Why Renewable Energy Cannot Save The Planet?
Fossil fuels still dominate global energy supply
According to the Energy Information Administration, fossil fuels supplied around 80% of total global energy demands as of July 2021 (https://www.eesi.org/topics/fossil-fuels/description). This includes coal, oil, and natural gas. The International Energy Agency reported that fossil fuel production increased 2% from 2018 to 2019, indicating continued reliance on non-renewable energy sources (https://www.iea.org/reports/world-energy-balances-overview/world). Most projections estimate fossil fuels will continue meeting over 70% of the world’s energy needs through at least 2040, even with growth in renewables. Challenges transitioning to renewable energy include upfront capital costs, intermittent supply, and lack of sufficient storage and transmission infrastructure.

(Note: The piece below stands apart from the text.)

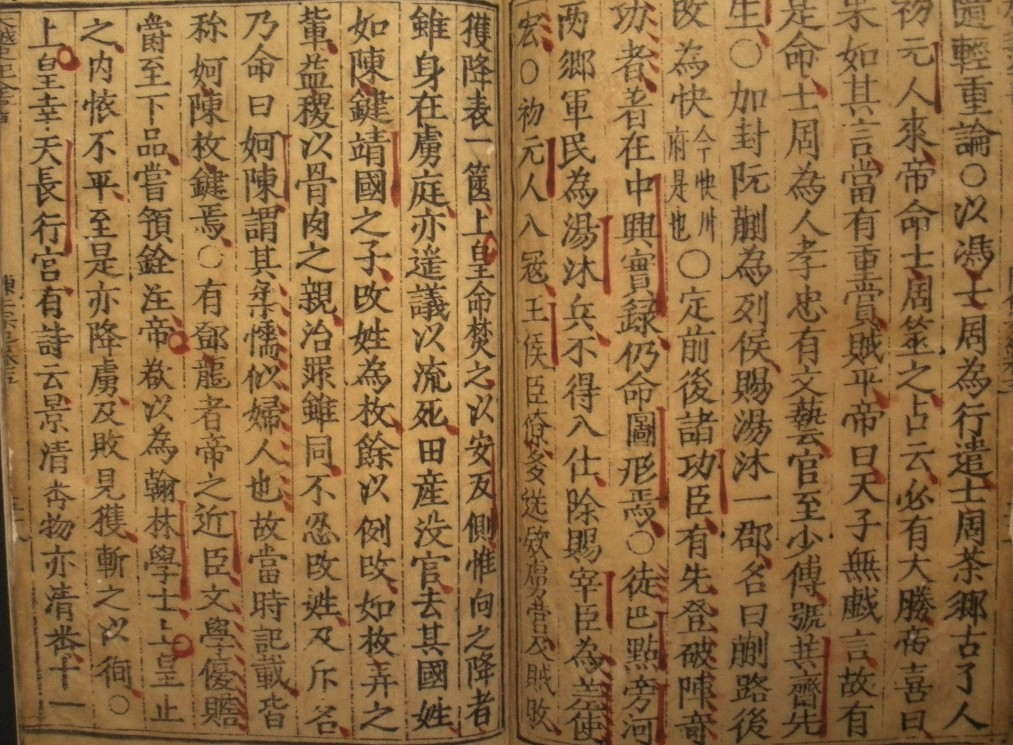 At first, when the Yuan raided, many members of the nobility and officials sent gifts to the enemy camp. Later when the bandits had been defeated, a box of declarations of surrender was obtained, but the emperor ordered it burned so as to calm those who had violated. However, as for those who had surrendered [directly to the Mongols], even though they were now at the enemy court, they were condemned to death in absentia, their property was confiscated, they were stripped of their official positions, and their royal surname was changed. Trần Kiện, for instance, the son of [Prince] Tĩnh Quốc, had his surname changed to Mai... Given that Ích Tắc was a close blood relative, although the punishment for his crime was the same, [the emperor] could not bear to change his surname, and dismiss his name, so [the emperor] ordered that [Ích Tắc] be called Ả Trần, to say that he was soft and weak like a woman. Therefore, records at that time referred to them as Ả Trần and Mai Kiện.

Intermittency of renewables
One of the biggest challenges with renewable energy sources like solar and wind power is their intermittent and variable nature. Solar power relies on sunny weather and wind turbines need windy conditions to generate electricity. This means they don’t produce power consistently around the clock like conventional baseload power plants.
According to the Scientific American, the intermittency of solar and wind “disrupts the conventional methods for planning the daily operation of the electric grid” (source). The output from these sources varies based on weather and time of day, making it difficult to integrate large amounts of renewable energy without impacting grid stability.
The limitations of energy storage technology also exacerbate the intermittency issue. Batteries and other storage methods cannot yet cost-effectively store the massive amounts of electricity required to smooth out renewables’ variable generation profile. This means grid operators have fewer tools to balance supply and demand when working with lots of intermittent renewables.
Overall, while solar and wind will play a major role in decarbonizing the grid, their intermittency poses challenges in relying on them entirely unless breakthroughs in energy storage and grid flexibility are achieved.
High upfront costs
The costs for renewable energy technologies remain high compared to conventional fossil fuels. According to data from Our World in Data, in 2020 the levelized cost per MWh for onshore wind was $44, offshore wind was $99, solar PV was $50 while gas was $42 and coal just $33 (Our World in Data). While renewable costs have fallen rapidly over the past decade, they remain high upfront compared to the mature and entrenched fossil fuel technologies.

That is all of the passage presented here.